If you are within a few years of retirement and trying to decide whether to keep your mortgage or pay it off, this decision should be modeled alongside your cash flow, taxes, investments, Social Security, Medicare, and long-term goals.
Why This Question Comes Up Before Retirement
During your working years, a mortgage payment may feel manageable because it is paid from a paycheck.
Retirement changes that.
Instead of wages hitting your checking account every two weeks, you may be drawing income from Social Security, pensions, IRAs, taxable accounts, Roth accounts, or part-time work. A mortgage payment that felt normal during your career can feel different when every dollar needs to come from your portfolio or fixed income sources.
For many people, the question becomes:
“Do I want to enter retirement with a lower monthly expense, or do I want to keep more money invested and liquid?”
Both can be reasonable.
The Case for Paying Off Your Mortgage Before Retirement
Paying off your mortgage before retirement can be appealing for several reasons.
1. Lower Monthly Cash Flow Needs
If your mortgage payment is $2,500 per month, that is $30,000 per year of after-tax cash flow.
Eliminating that payment can reduce the amount you need to withdraw from your portfolio each year. That can be especially helpful in the early years of retirement, when sequence-of-returns risk matters most.
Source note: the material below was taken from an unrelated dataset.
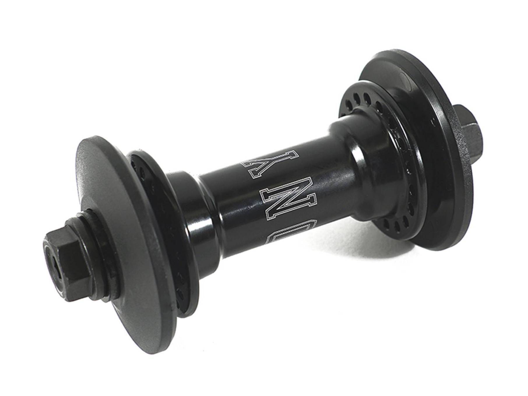 Легкая передняя втулка с низкими фланцами, с корпусом из 6061-Т6 алюминия и осью из 4130 Cr-mo, болты 10мм под 17мм ключ и 6мм шестигранник. Шаг резьбы болта 3/8” x 24 TPI, алюминиевые шайбы. Оснащена качественными подшипниками. 2 пластиковых хабгарда в комплекте.

In plain English: if the market is down early in retirement, needing to withdraw less money can help protect your portfolio.
2. More Peace of Mind
Some people simply feel better knowing their home is paid off.
That matters.
Personal finance is not just math. It's not just a spreadsheet problem. Retirement is a major transition, and reducing fixed expenses can make people feel more secure. If paying off the mortgage helps you sleep at night and the plan still works, that is a legitimate planning factor.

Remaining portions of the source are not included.